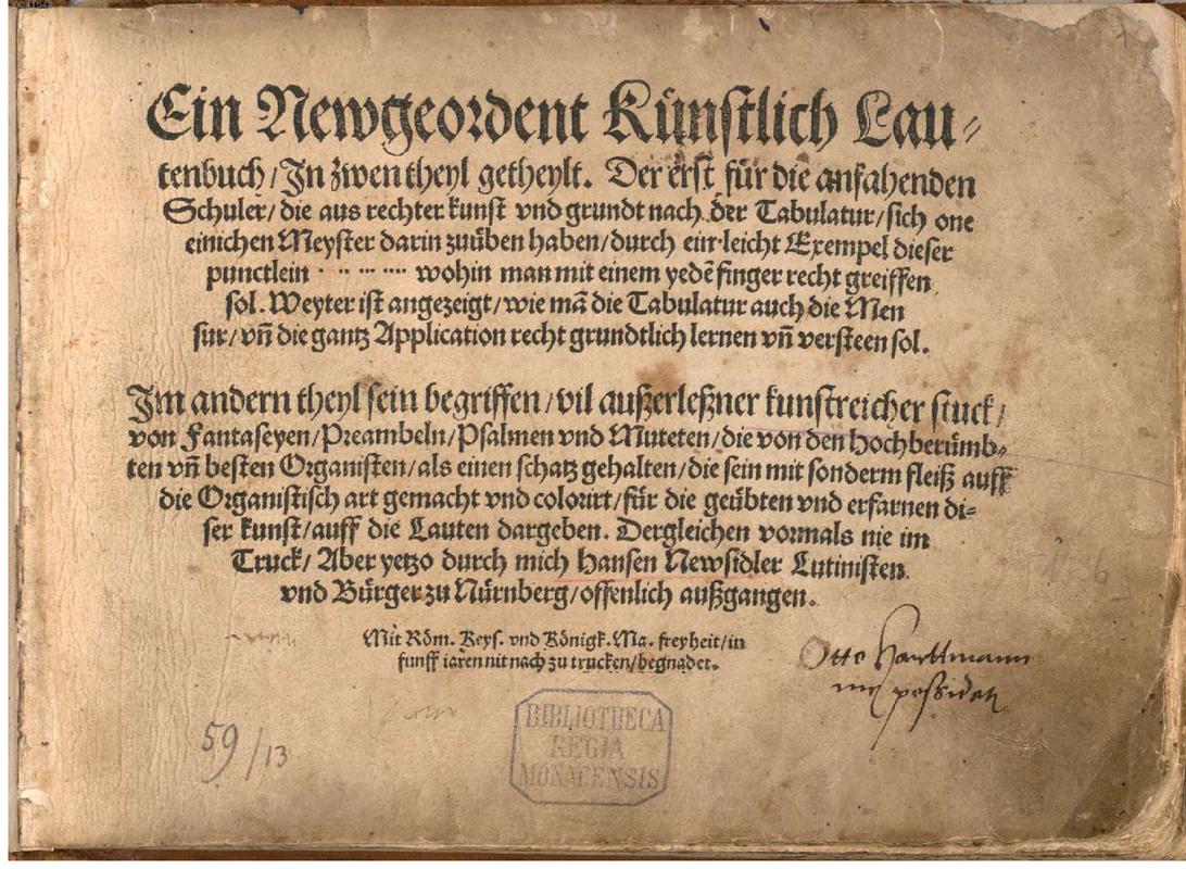 Neusidler's book contains instructions, examples and pieces. The 1st part is oriented nearly to everyone who can read, has at least a small brain and who wants to learn the lute. A teacher is not necessary. ("... das ein yeder gerings verstands/der nur lesen ... kan/... on ein Meister solche kunst der Lauten leren mag.") The level of difficulty is rising and leads to part 2 with masterly and artistical pieces for experienced lutenists, never seen before ("Meisterlichen un[d] kunstlichen stucken/den geübten un[d] erfarnen der lauten dienlich/vormals dergleichen nie gesehe[n]"). Several pieces are arranged twice (or more) with rising severity or in a different way ("Der vorig tantz auff ein ander art gesetzt."). Lots of the pieces were originally songs, very popular at that time and hardly to assign nowadays.
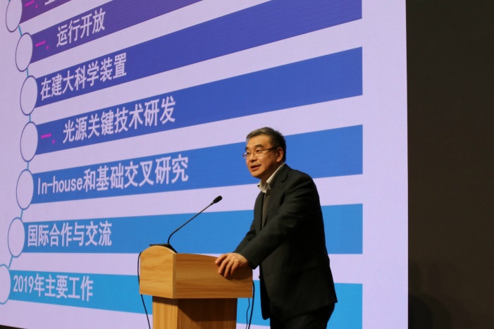 副院长赵振堂从上海光源科学中心的概况、运行开放、在建大科学装置、光源关键技术研发、In-house和基础交叉研究、国际合作与交流介绍了2018年上海光源重点工作,同时部署了2019年光源工作。
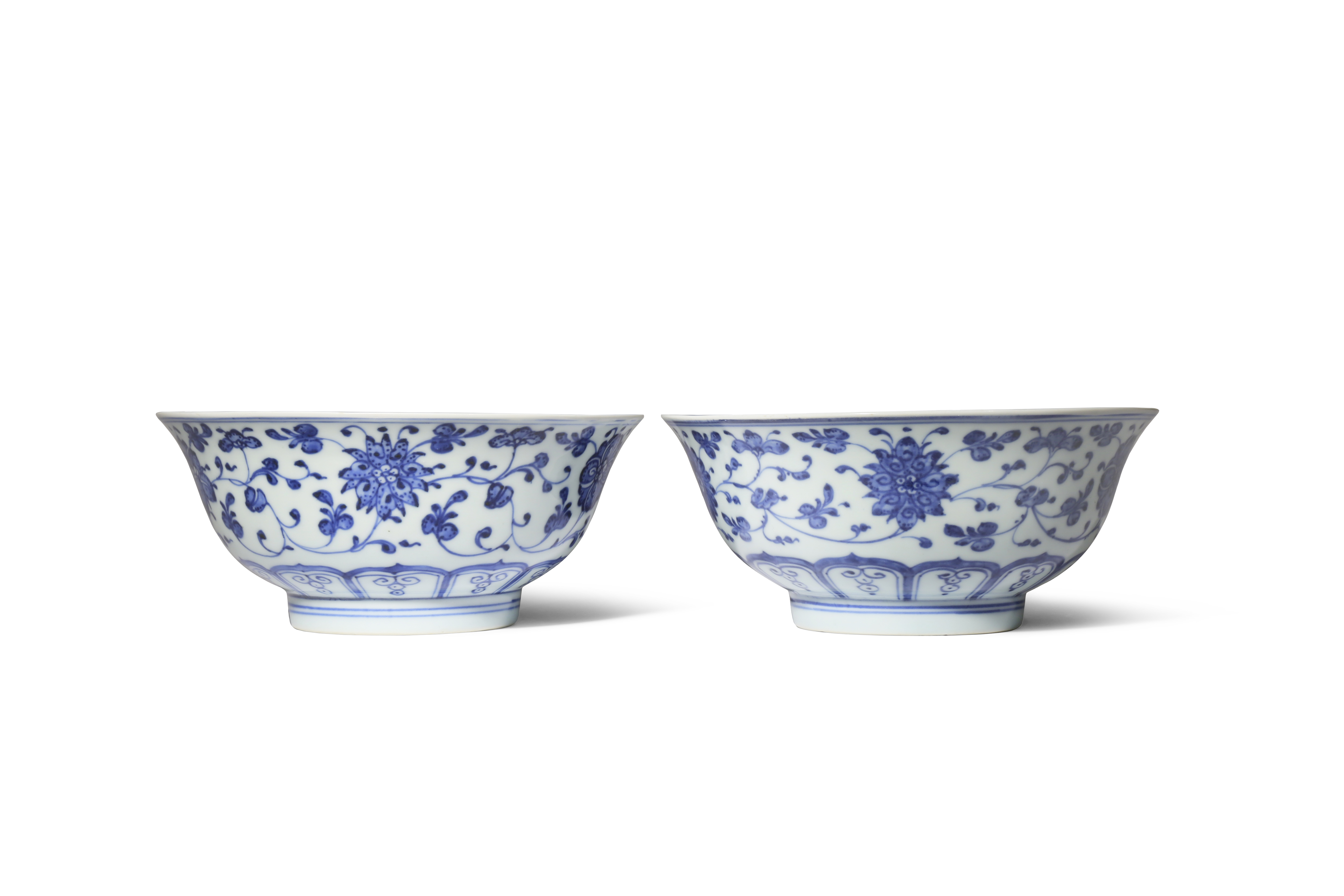 Each with a deep U-shaped body rising from a gently tapering foot to a flaring rim, decorated with various blooms including lotus and peony, the flowerheads set amidst scrolling leaves, with a further floral medallion contained within double blue lines to the centre of each, the footrims encircled by bands of petal lappets, 18.4cm. (2)
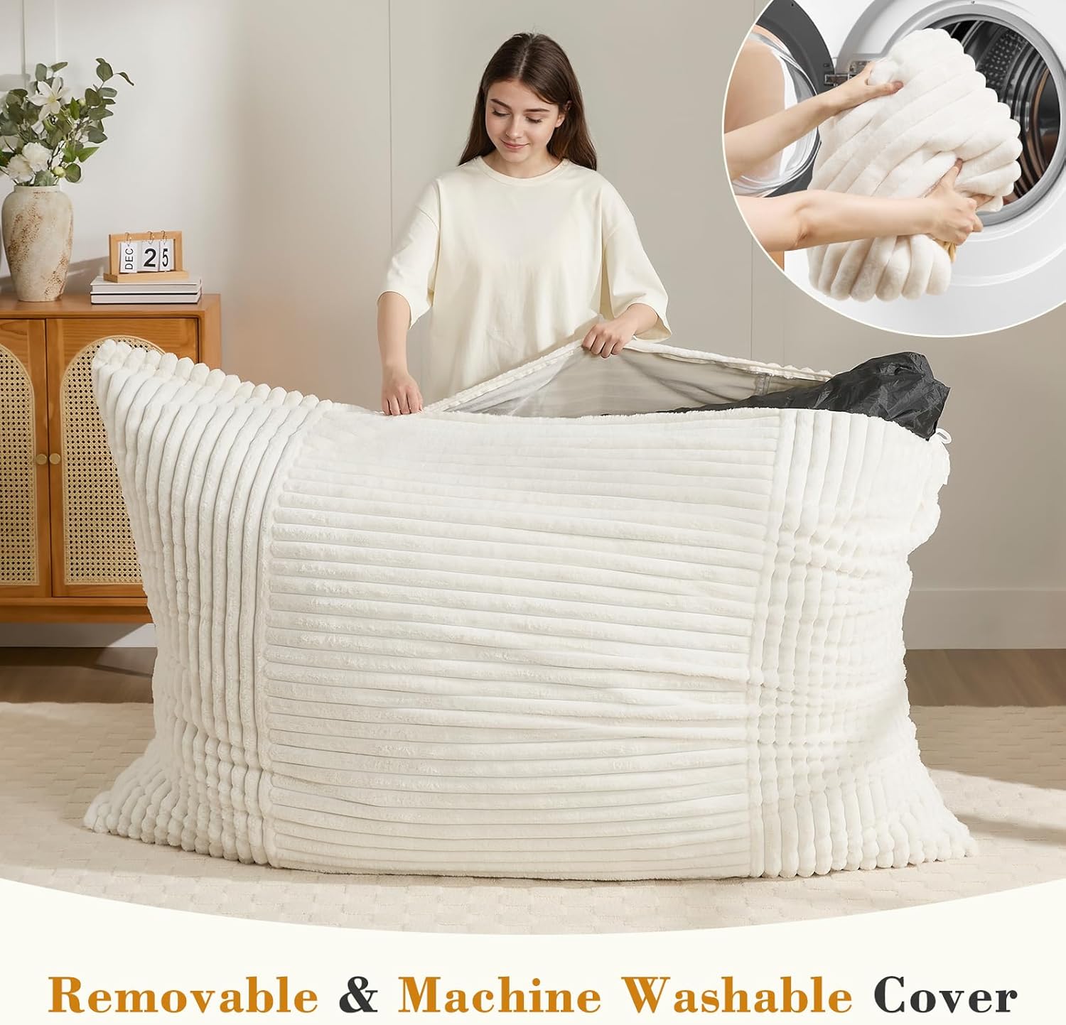 - Removable & Machine Washable Cover: Stay clean and comfortable with ease This giant bean bag chair cover is made of high quality 100% polyester, which is super soft, breathable and comfortable to touch. The outer cover is designed with hidden zipper for easy removal and it's machine washable. Toss it in the washing machine for hassle-free cleaning, ensuring your bean bag stays fresh and hygienic.
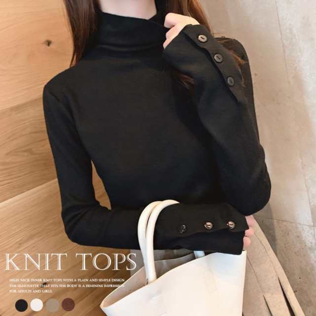 ニットソー 着やせ ニットインナー タートルネック 袖ボタン 長袖ニット 無地 シンプル タイトトップス
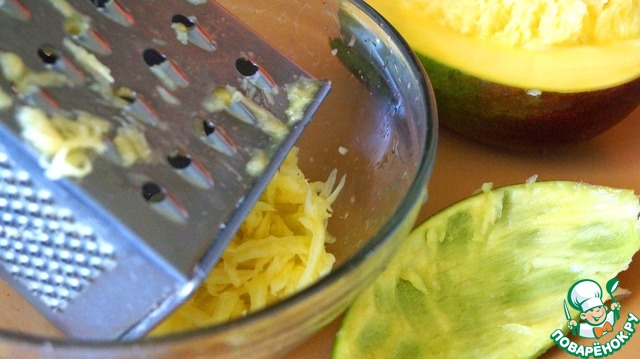 Манго натираем на крупной терке или режем мелкими кубиками. Я уже писала, но повторюсь, что как вариант манго можно заменить на морковь, зеленое яблоко или огурец. Но будет более прозаично.

━━━

## ACTIVITY
Only the lines from the top of the data through the line with "副院长赵振堂从上海光源科学中" should be quoted, exactly and with both ends kept; skip the pictures.

## RESULT OF THE TASK
 Neusidler's book contains instructions, examples and pieces. The 1st part is oriented nearly to everyone who can read, has at least a small brain and who wants to learn the lute. A teacher is not necessary. ("... das ein yeder gerings verstands/der nur lesen ... kan/... on ein Meister solche kunst der Lauten leren mag.") The level of difficulty is rising and leads to part 2 with masterly and artistical pieces for experienced lutenists, never seen before ("Meisterlichen un[d] kunstlichen stucken/den geübten un[d] erfarnen der lauten dienlich/vormals dergleichen nie gesehe[n]"). Several pieces are arranged twice (or more) with rising severity or in a different way ("Der vorig tantz auff ein ander art gesetzt."). Lots of the pieces were originally songs, very popular at that time and hardly to assign nowadays.
 副院长赵振堂从上海光源科学中心的概况、运行开放、在建大科学装置、光源关键技术研发、In-house和基础交叉研究、国际合作与交流介绍了2018年上海光源重点工作,同时部署了2019年光源工作。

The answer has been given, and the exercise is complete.